*WHAT YOU SHOULD DO*:
Exclude pictures and give again exactly the lines of the listing, beginning with its first line and ending with the one that contains "Bien que cela".

*SOURCE DATA*:
• • • • •
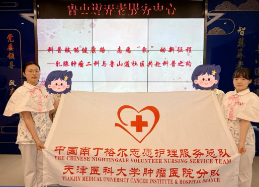 在全国科普月来临之际,乳腺肿瘤二科南丁格尔志愿护理服务队于9月18日携手天津市河东区鲁山道社区共同开启“科普赋能健康路,志愿‘乳’动新征程”主题活动。
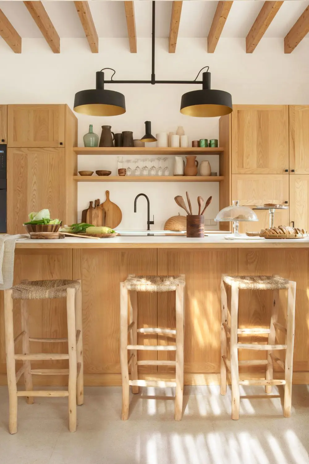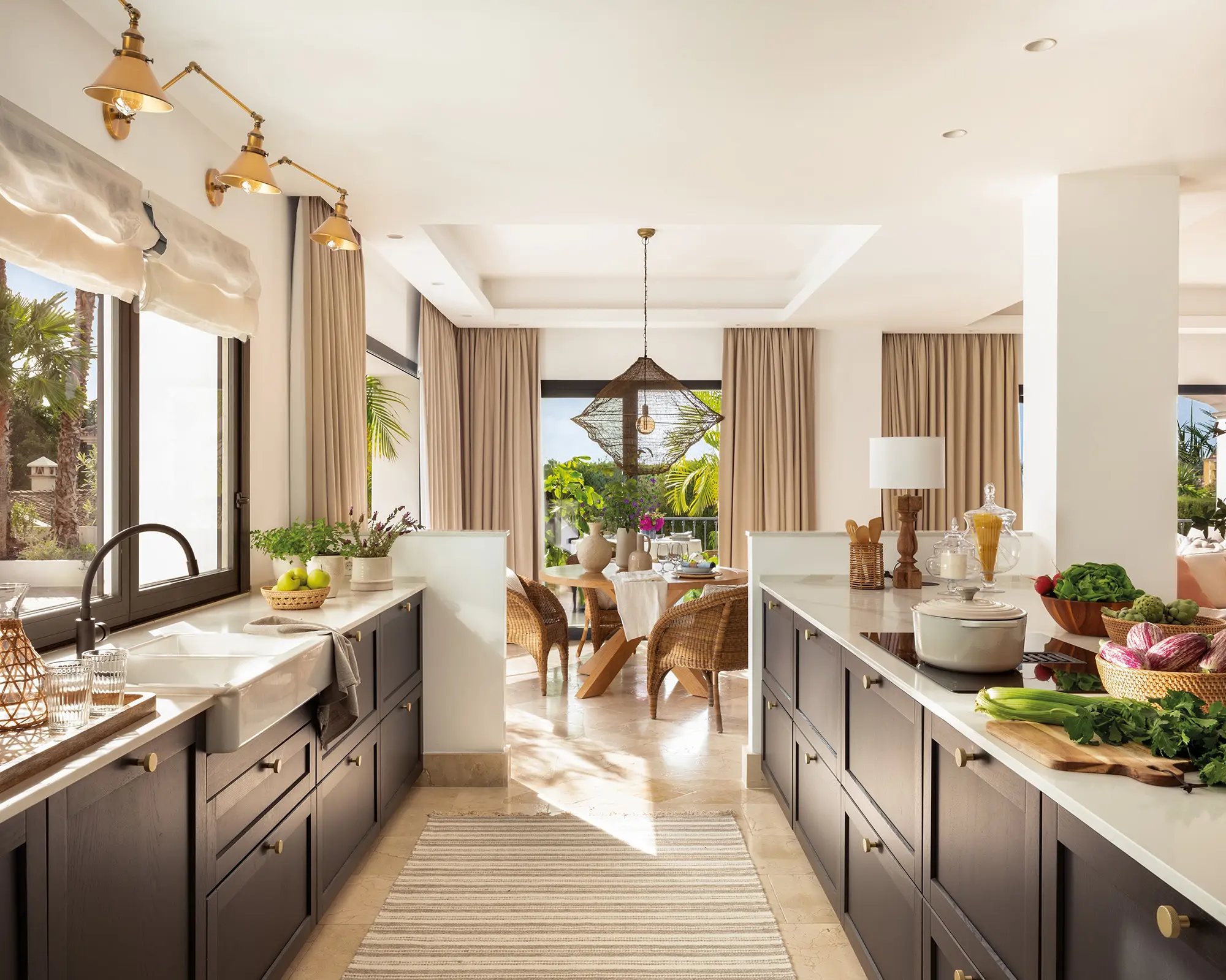 Bien que cela puisse paraître un détail, choisir les bonnes lampes est essentiel. Et cela vaut pour tous les luminaires de votre maison. Dans ce cas précis, celles que vous choisirez apporteront du style, créeront un contraste et, en même temps, illumineront l’îlot et la cuisine.
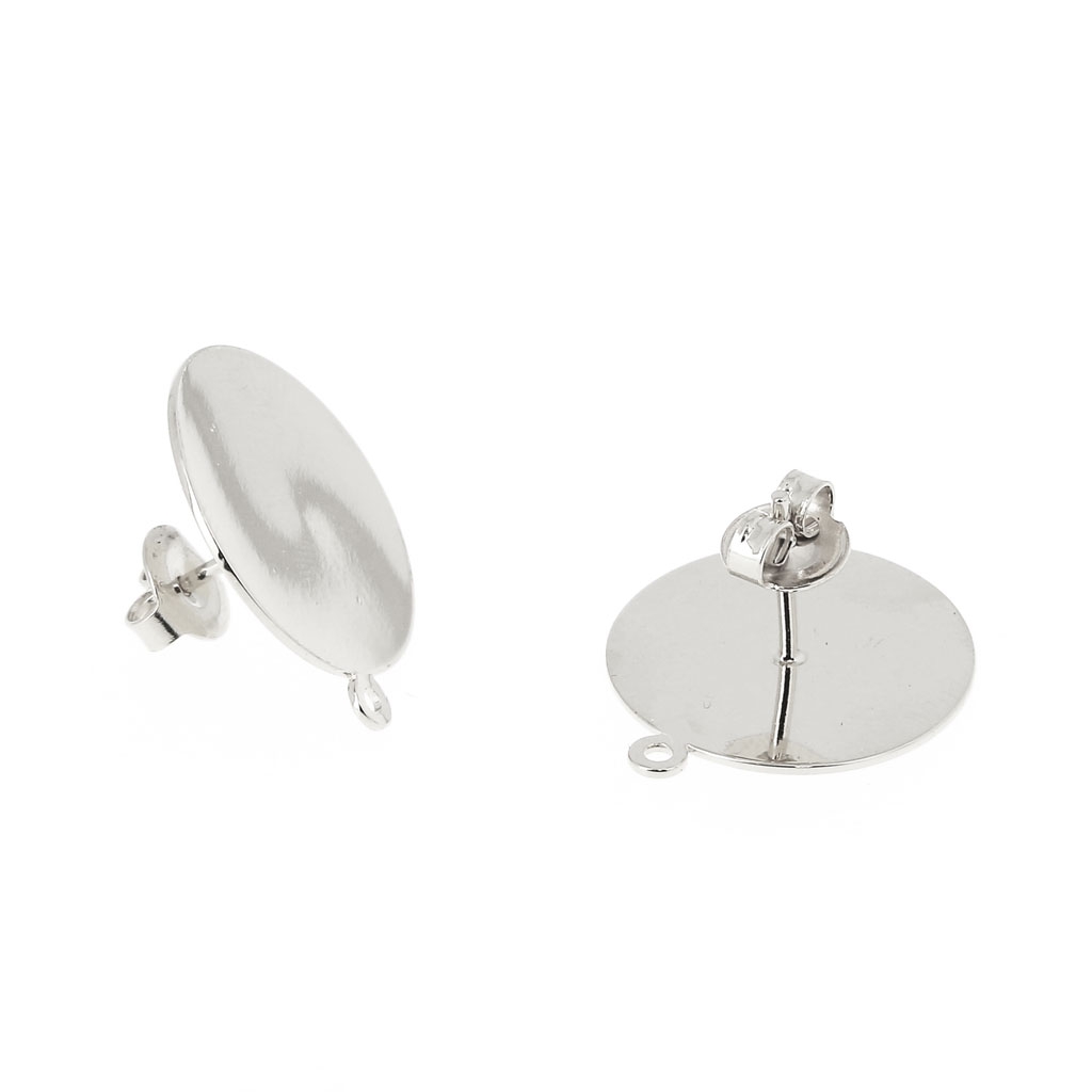 Clous D Oreilles Disque 18 Mm Pour La Creation De Bijoux Fantaisie Placage Argent Fin X2 Perles Co
• • • • •
*ANSWER TO THIS TASK*:
 在全国科普月来临之际,乳腺肿瘤二科南丁格尔志愿护理服务队于9月18日携手天津市河东区鲁山道社区共同开启“科普赋能健康路,志愿‘乳’动新征程”主题活动。
 Bien que cela puisse paraître un détail, choisir les bonnes lampes est essentiel. Et cela vaut pour tous les luminaires de votre maison. Dans ce cas précis, celles que vous choisirez apporteront du style, créeront un contraste et, en même temps, illumineront l’îlot et la cuisine.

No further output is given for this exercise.